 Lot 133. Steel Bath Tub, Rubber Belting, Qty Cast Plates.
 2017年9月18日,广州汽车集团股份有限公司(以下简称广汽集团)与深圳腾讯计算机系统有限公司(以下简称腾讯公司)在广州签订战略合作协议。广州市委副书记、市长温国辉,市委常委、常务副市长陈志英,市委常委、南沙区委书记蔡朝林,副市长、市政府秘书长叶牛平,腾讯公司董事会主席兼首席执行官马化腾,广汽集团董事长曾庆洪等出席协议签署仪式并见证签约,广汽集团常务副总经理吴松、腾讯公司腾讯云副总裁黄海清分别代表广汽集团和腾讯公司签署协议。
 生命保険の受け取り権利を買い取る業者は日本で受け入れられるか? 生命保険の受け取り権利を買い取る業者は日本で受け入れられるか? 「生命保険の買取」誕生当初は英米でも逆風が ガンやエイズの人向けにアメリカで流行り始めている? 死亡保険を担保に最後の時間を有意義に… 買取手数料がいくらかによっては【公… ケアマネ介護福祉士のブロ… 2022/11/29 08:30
* * *
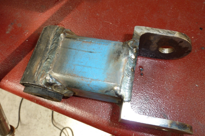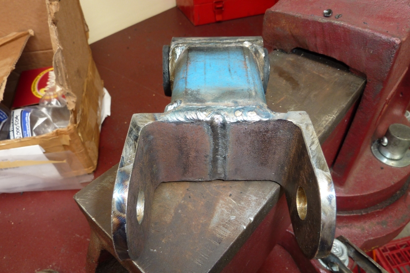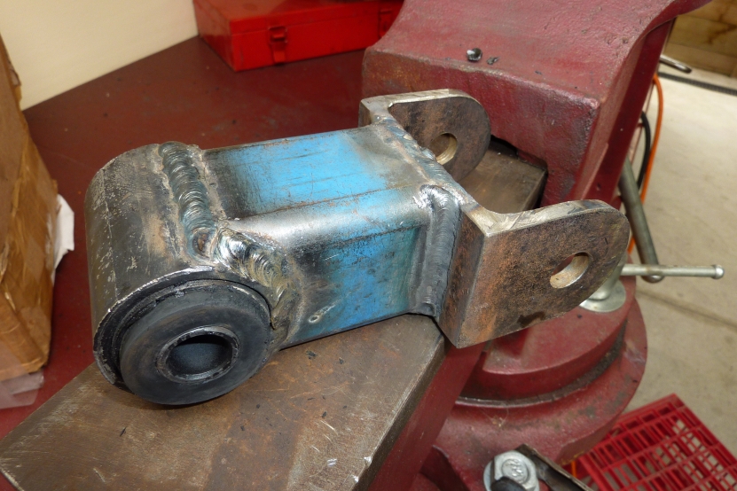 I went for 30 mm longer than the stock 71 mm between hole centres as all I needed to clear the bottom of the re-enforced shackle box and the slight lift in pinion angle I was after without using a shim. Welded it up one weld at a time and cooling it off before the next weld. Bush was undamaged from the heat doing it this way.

• WHAT THE EXERCISE ASKS: From the line containing "Lot 133. Steel" down to the line containing "ケアマネ介護福祉士のブロ… 2022/11/29 08:30" in the material above, reproduce every line exactly, including the two end lines.

• ANSWER TO THIS TASK:
 Lot 133. Steel Bath Tub, Rubber Belting, Qty Cast Plates.
 2017年9月18日,广州汽车集团股份有限公司(以下简称广汽集团)与深圳腾讯计算机系统有限公司(以下简称腾讯公司)在广州签订战略合作协议。广州市委副书记、市长温国辉,市委常委、常务副市长陈志英,市委常委、南沙区委书记蔡朝林,副市长、市政府秘书长叶牛平,腾讯公司董事会主席兼首席执行官马化腾,广汽集团董事长曾庆洪等出席协议签署仪式并见证签约,广汽集团常务副总经理吴松、腾讯公司腾讯云副总裁黄海清分别代表广汽集团和腾讯公司签署协议。
 生命保険の受け取り権利を買い取る業者は日本で受け入れられるか? 生命保険の受け取り権利を買い取る業者は日本で受け入れられるか? 「生命保険の買取」誕生当初は英米でも逆風が ガンやエイズの人向けにアメリカで流行り始めている? 死亡保険を担保に最後の時間を有意義に… 買取手数料がいくらかによっては【公… ケアマネ介護福祉士のブロ… 2022/11/29 08:30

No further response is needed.